### HOW TO COMPLETE THIS TASK:
The reply to the records below should contain exactly the lines from the line with "東方學(xué)院黨總支副書" through the line with "A double beam", and nothing besides.

### RECORDS FOR THIS TASK:
____

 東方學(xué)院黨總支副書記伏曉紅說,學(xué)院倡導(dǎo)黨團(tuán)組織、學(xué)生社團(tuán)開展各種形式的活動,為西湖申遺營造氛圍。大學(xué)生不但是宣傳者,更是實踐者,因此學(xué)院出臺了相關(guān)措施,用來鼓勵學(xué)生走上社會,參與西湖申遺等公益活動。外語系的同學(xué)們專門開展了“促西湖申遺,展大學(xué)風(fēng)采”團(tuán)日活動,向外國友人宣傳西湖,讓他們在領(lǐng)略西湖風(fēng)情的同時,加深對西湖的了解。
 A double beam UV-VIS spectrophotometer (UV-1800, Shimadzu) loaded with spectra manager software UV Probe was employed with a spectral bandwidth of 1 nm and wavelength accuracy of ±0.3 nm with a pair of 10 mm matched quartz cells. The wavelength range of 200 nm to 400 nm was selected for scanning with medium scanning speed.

____

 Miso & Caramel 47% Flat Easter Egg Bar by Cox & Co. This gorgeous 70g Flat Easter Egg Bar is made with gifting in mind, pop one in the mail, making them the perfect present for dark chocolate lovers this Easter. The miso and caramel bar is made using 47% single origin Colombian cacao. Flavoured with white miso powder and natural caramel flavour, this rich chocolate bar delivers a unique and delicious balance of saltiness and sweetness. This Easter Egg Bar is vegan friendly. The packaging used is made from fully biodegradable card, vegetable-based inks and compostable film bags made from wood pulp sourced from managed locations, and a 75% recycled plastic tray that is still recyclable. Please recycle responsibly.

____

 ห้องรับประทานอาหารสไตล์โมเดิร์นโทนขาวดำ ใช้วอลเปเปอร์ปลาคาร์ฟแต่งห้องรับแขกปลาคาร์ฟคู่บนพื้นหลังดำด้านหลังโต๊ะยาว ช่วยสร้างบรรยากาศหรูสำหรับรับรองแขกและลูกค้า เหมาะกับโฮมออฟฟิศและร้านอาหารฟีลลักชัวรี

____

### ANSWER TO THIS PROBLEM:
 東方學(xué)院黨總支副書記伏曉紅說,學(xué)院倡導(dǎo)黨團(tuán)組織、學(xué)生社團(tuán)開展各種形式的活動,為西湖申遺營造氛圍。大學(xué)生不但是宣傳者,更是實踐者,因此學(xué)院出臺了相關(guān)措施,用來鼓勵學(xué)生走上社會,參與西湖申遺等公益活動。外語系的同學(xué)們專門開展了“促西湖申遺,展大學(xué)風(fēng)采”團(tuán)日活動,向外國友人宣傳西湖,讓他們在領(lǐng)略西湖風(fēng)情的同時,加深對西湖的了解。
 A double beam UV-VIS spectrophotometer (UV-1800, Shimadzu) loaded with spectra manager software UV Probe was employed with a spectral bandwidth of 1 nm and wavelength accuracy of ±0.3 nm with a pair of 10 mm matched quartz cells. The wavelength range of 200 nm to 400 nm was selected for scanning with medium scanning speed.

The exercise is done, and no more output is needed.